突き放すように答えた俺に、それまで以上に向けられる感情。それは、怒りや敵意のようなより突き刺さるような不快感の強いものではなく、それまでにも受けていた、不安や心配、刺さるというよりは重いとか、鬱陶しいとかそういう類のものだった。まあ、不快であることに変わりはないが。体を起こしながら少し睨むように視線を向けながら言えば、狼狽える女。だが目に見えてビクつくというよりは、ただ言葉を探しているような感じに見える。

『えっと、ホント、違ってたらごめんね?』

「だから、言いてえことがあるならさっさと言え。」

『うっ、はい。...影浦くん、悩みとかある?困ってることとか、ない?』

「は...?」

今度は首ごと、結局身を起こして思わず顔そちらに向けて尋ね返す。はっきり言って意味がわからねぇ。どういう流れで、そんな質問になんだよ。
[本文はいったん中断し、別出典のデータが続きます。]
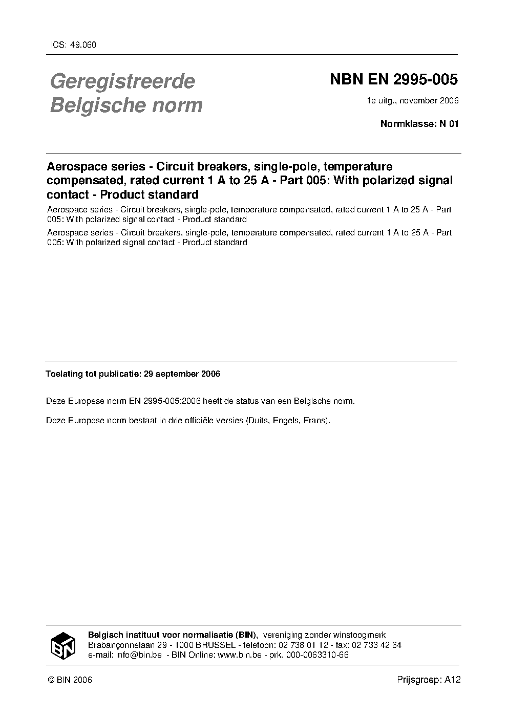 | Publisher | Bureau de Normalisation Belge (NBN) |

『な、ないならいいんだ!変なこと聞いてごめん。ただ、そういうのあるなら、話だけなら聞けるかなって。いや、でも、そもそも急にこんなこと言っても話せることなんてないよね!ごめん、ホント、』

「お前、何言ってやがる?つーか、勝手にベラベラ喋んな。意味わかんね。」

『...ごめん。忘れて。』

突然饒舌になったそいつは、何度目かの謝罪を口にしてから急に押し黙った。結局何が言いたいか俺には分からないが、気まぐれに聞いたという風でもなかった。なんかすげーモヤモヤする。

「別に怒ってねーから。」

『...え?』

「単純に、お前が何言いてえのかわかんねぇ。別に俺は特に何もねぇのに、お前がそう思った理由はなんだ?」

『あー…、えっと、』

自分が聞いておきながら、俺が尋ねれば困ったように言葉を濁すこいつに苛立ちが募る。